■ **Instructions to follow**: Drop the pictures and extract exactly the lines from the one that contains "近くのカフェ青。落ち着いた雰囲気のカフェ" through the end of the material.

■ **Source data**:
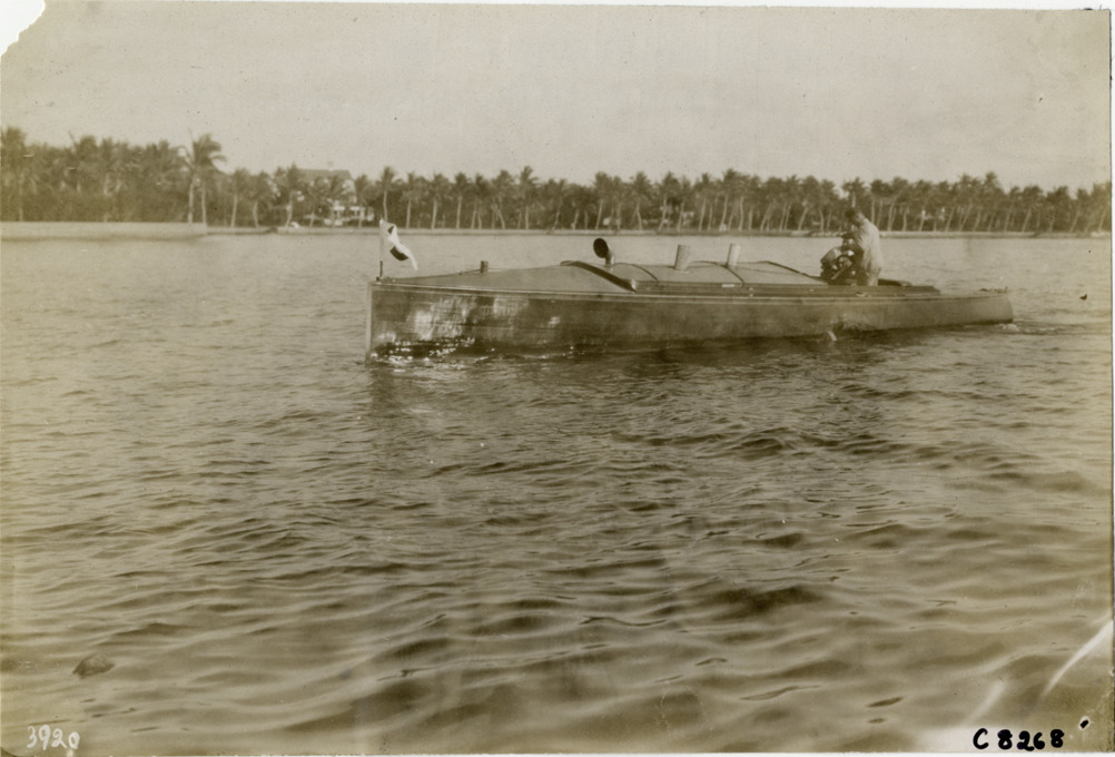 View of two men in motorboat at Palm Beach boat carnival. Handwritten on back: "Boats and boating--Palm Beach water boat carnival, 1905."
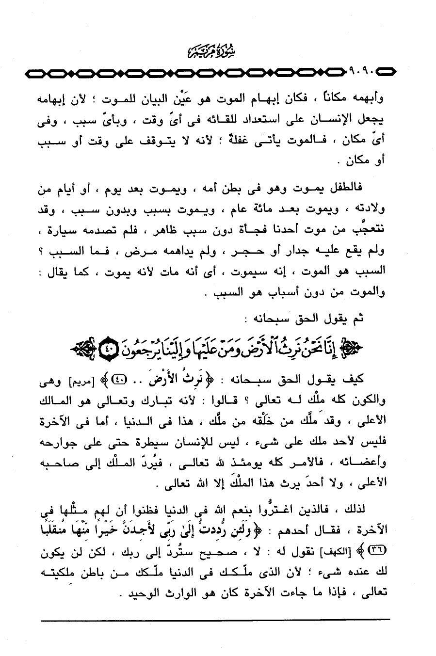 كيف يقول الحق سبحانه: {نَرِثُ الأرض} [مريم: 40] وهي والكون كله مِلْك له تعالى؟ قالوا: لأنه تبارك وتعالى هو المالك الأعلى، وقد ملَّك من خَلْقه من ملَّك، هذا في الدنيا، أما في الآخرة فليس لأحد ملك على شيء، ليس للإنسان سيطرة حتى على جوارحه وأعضائه، فالأمر كله يومئذ لله تعَالى، فيُردّ الملْك إلى صاحبه الأعلى، ولا أحدَ يرث هذا الملْكَ إلا الله تعالى.
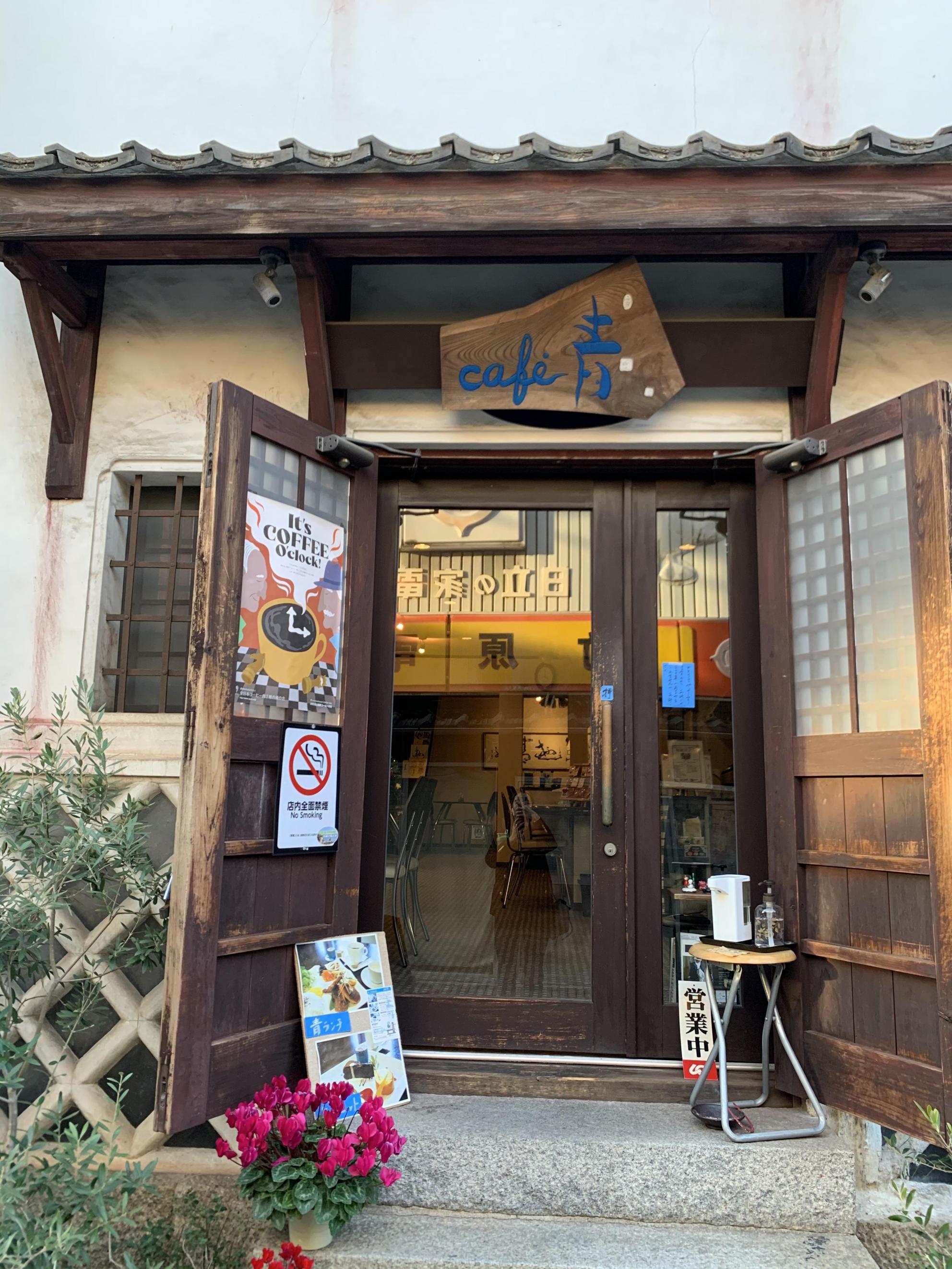 近くのカフェ青。落ち着いた雰囲気のカフェ
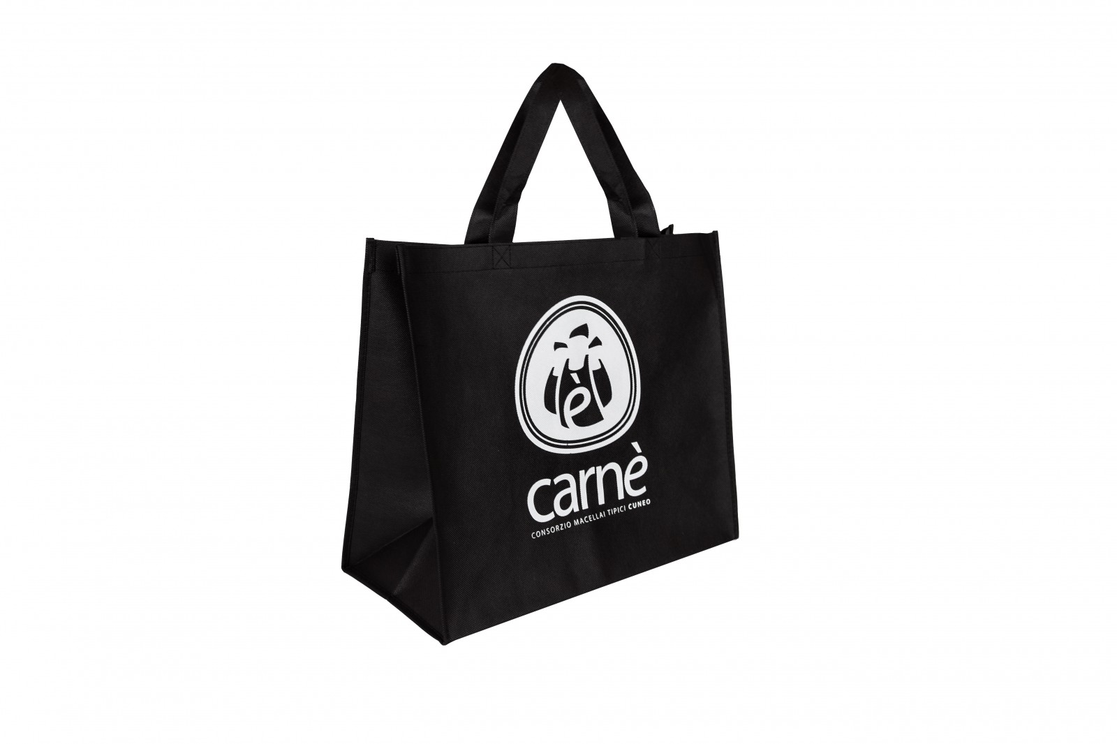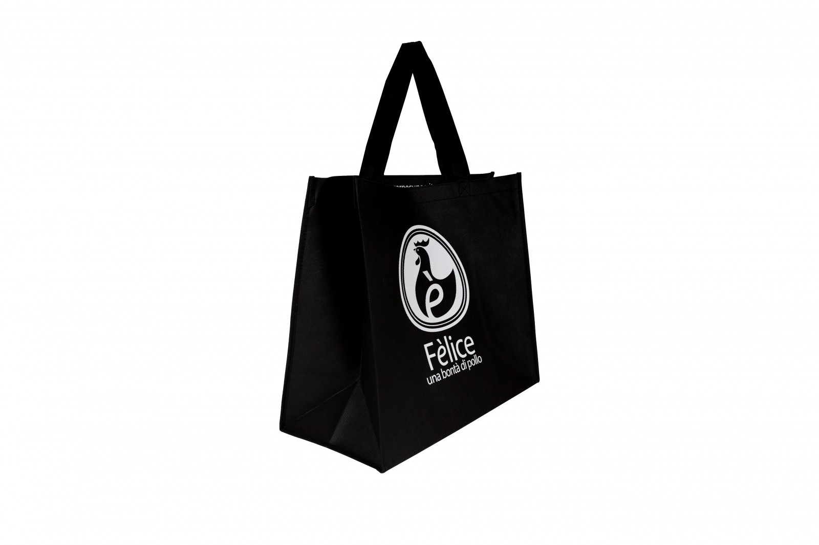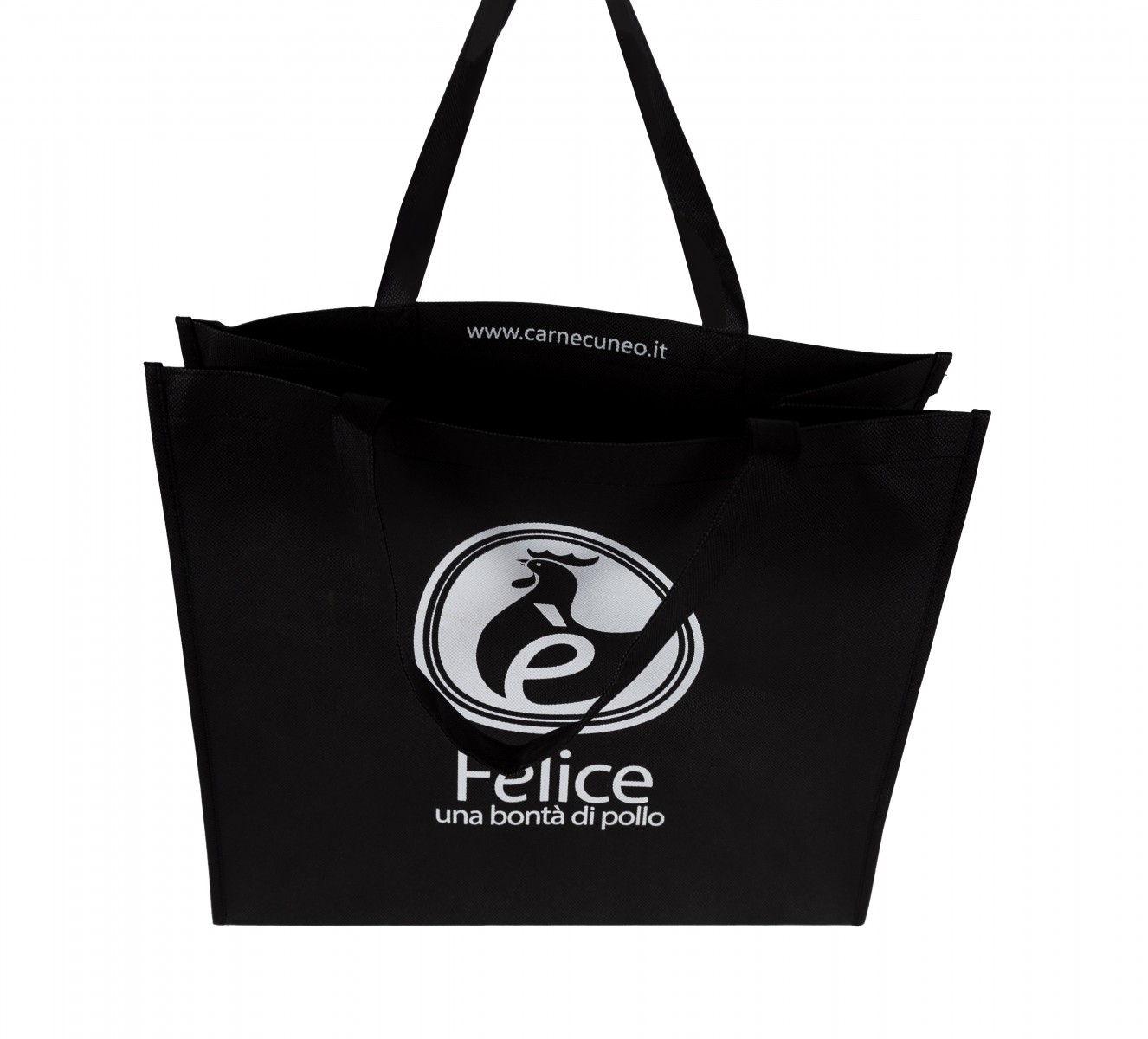 Shopper realizzata in TNT nero da 100 gr, materiale leggero ma resistente, studiata specificamente per il trasporto alimentare e il riutilizzo facile.

■ **Task output**:
 近くのカフェ青。落ち着いた雰囲気のカフェ
 Shopper realizzata in TNT nero da 100 gr, materiale leggero ma resistente, studiata specificamente per il trasporto alimentare e il riutilizzo facile.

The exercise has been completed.